Когда мне было пятнадцать лет, я жил в девственном лесу. Подвешенные к потолку в моей комнате бесчисленные побеги плюща ниспадали как плети лиан, сквозь которые пробивался зеленый свет. Листва скрывала предметы. В глубине мансарды стояло разобранное пианино. На полу в светлом деревянном ящике проигрыватель пятидесятых годов бороздил разрозненные пластинки — джазменов и довоенных композиторов, — найденные в подвалах и на семейных чердаках.

Мечтая в своем рукотворном лесу в самом центре Гавра — в большом холодном и ветреном городе, — я отдавал предпочтение бразильским пьесам Дариуса Мийо, особенно его балету, написанному в 1918 году, после приезда из Рио: «Человек и его желание». Мечтательной, неопределенной, растерянной музыке, которую я слушал под гигантскими деревьями. Среди этой фантастической растительности звучал хор или длинные соло ударных инструментов, угасавшие в тропической сырости. Остальное время я лежал на полу между двух колонок и слушал на фортиссимо пластинки «Лед Зеппелин». Вместо того чтобы разобрать проигрыватель и подключить к нему параллельно несколько колонок, я мысленно представлял себе стереофонический эффект, имитируя проигрыватели высокой точности воспроизведения звука моих товарищей.

Вечером, лежа на подушках среди листвы, я зажигал ароматизированные палочки и, кашляя, вдыхал их дым, веря, что эффект от восточных благовоний похож на эффект от наркотиков. Несколько лет спустя, после мая 1968 года, в этом провинциальном городе искусственный рай еще только маячил на горизонте. Я с наслаждением читал «Гашиш» Теофиля Готье. Положив перед собой лист бумаги, я импровизировал, сочиняя стихи — последовательность рифмованных слов. Я был современным человеком. За окном на крышах небоскребов горели огни. Шел дождь. С моря дул ветер.

В более хмурые дни я устраивался у окна и считал машины, проводя статистические расчеты, чтобы установить точное соотношение между «рено», «пежо» и «фольксвагеном».

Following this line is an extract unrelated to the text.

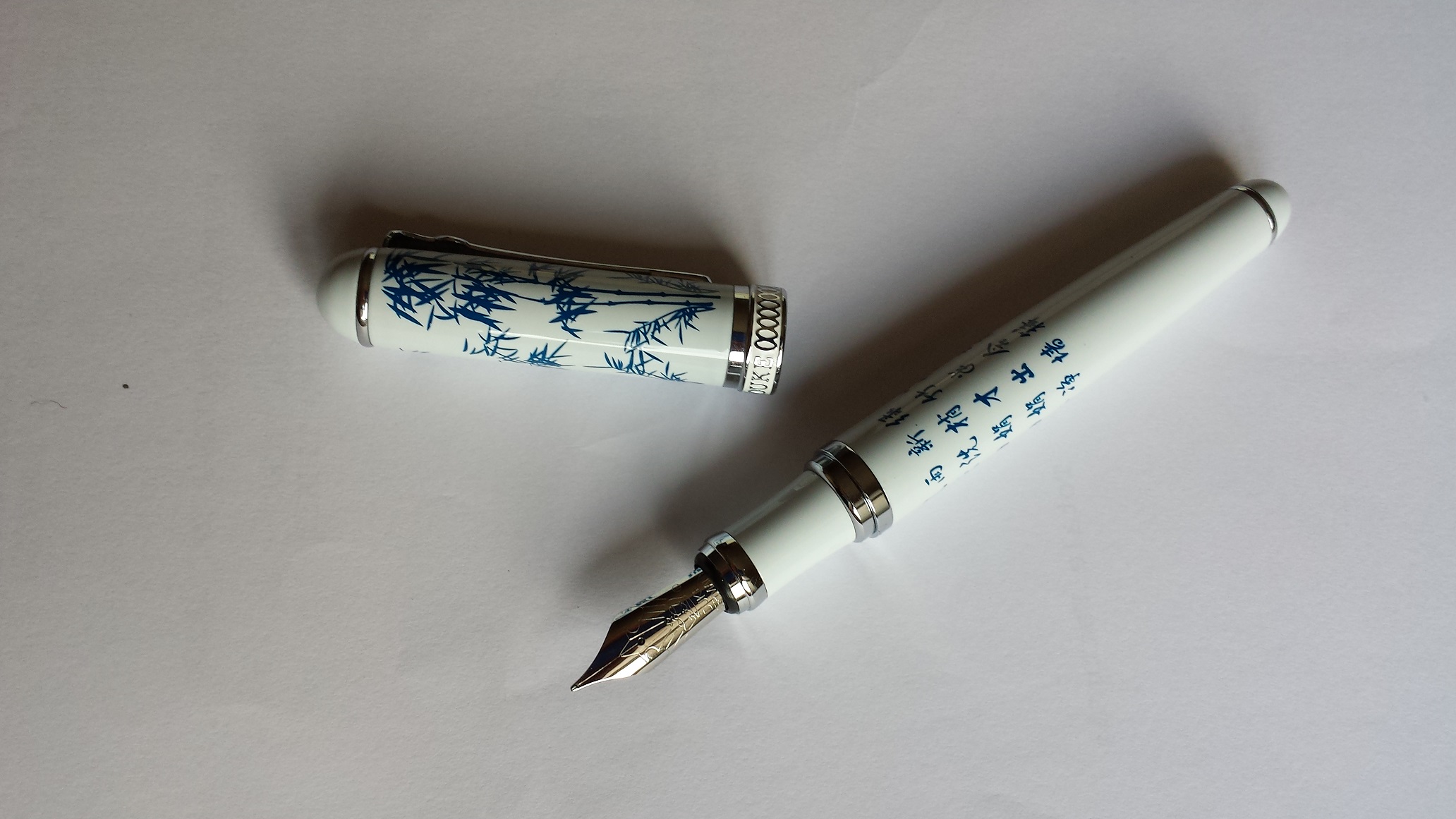 Penna bella, pennino ottimo; leggermente piccola in mani grandi, a meno che non la si usi con cappuccio calzato. Saluti
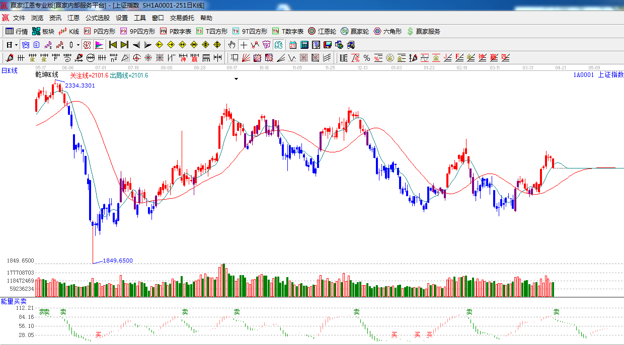 ☆依據贏家江恩系統能量買賣提示:處于紅色柱子轉入綠色柱子的臨界點,并出現“賣”字信號,短線 看空。

Я совершал долгие прогулки на велосипеде по Гавру. Катясь вниз по улицам до центра города, я проезжал старый пивоваренный завод, от которого на весь квартал тянуло хмелем. Грузовики, груженные бочками, отъезжали от этого завода в центре города. Во время школьной экскурсии нам показали чаны, где бродила смесь из ячменя и дрожжей, мы посетили новые цеха, в которых пиво разливалось в бутылки на полностью автоматизированном конвейере. Через несколько лет пивзавод был куплен более крупной фирмой и разрушен в рамках «стратегического объединения».

На велосипеде я ехал вдоль артерий, начерченных архитектором Огюстом Пере сразу после Второй мировой войны. От центрального проспекта веяло монументальной красотой, его неоклассические здания украшали фигурные фронтоны. Высокая колокольня церкви Сен-Жозеф, словцо призрак небоскреба, возвышалась над городом, восставшим из руин. Катя на велосипеде против ветра по бульварам, я пересекал площадь мэрии с фонтанами и огромной квадратной башней. На западе красная бетонная линия застройки образовывала триумфальную перспективу до самого пляжа. Архитектура гармонировала с морем и с небом. Проехав подвесной мост, я ехал вдоль портового бассейна Рой, а затем попадал в порт.

На старых пристанях наблюдалась некоторая активность. К ним причаливали грузовые суда. Над ангарами, словно шеи металлических жирафов, возвышались подъемные краны. Большие поверхности воды разделяли недоступные области: там огромные, как соборы, силосные башни, здесь гектары доков, заполненных хлопком. Мой велосипед ехал вдоль железнодорожных путей. У водоемов встречались люди: рыбаки с удочками, сидевшие на табуретах, группы докеров под кранами, разгружавшие мешки с кофе. Я остановился, любуясь старыми швартовыми канатами, покрытыми водорослями и ракушками, валявшимися на земле, как огромные тропические змеи. Около теплоцентрали возвышались горы аргентинского угля, который отправлялся отсюда по конвейеру. Из трехсотметровых труб валил серный дым.

За теплоцентралью начинался мой любимый ландшафт. За портом тянулись луга устья реки, превратившиеся в торф: огромная индустриальная зона с нефтеперерабатывающими заводами, с нефтехимическими установками, с автомобильными фирмами, с фабриками пластмассы, титана и другого сырья для мирового производства занимавшая плодородные почвы. Заводы напоминали лаборатории, предназначенные для психически больных. Разноцветные трубы, опутывающие сами себя, как кишки, ведут в дистиллятор, а оттуда к трубам, выбрасывающим жирное пламя и черный дым. Не думая об экологии, я восхищался их дикой красотой, мечтая о том времени, когда Гавр поглотит деревни и необъятно вырастет, как мегаполис Жюль Верна.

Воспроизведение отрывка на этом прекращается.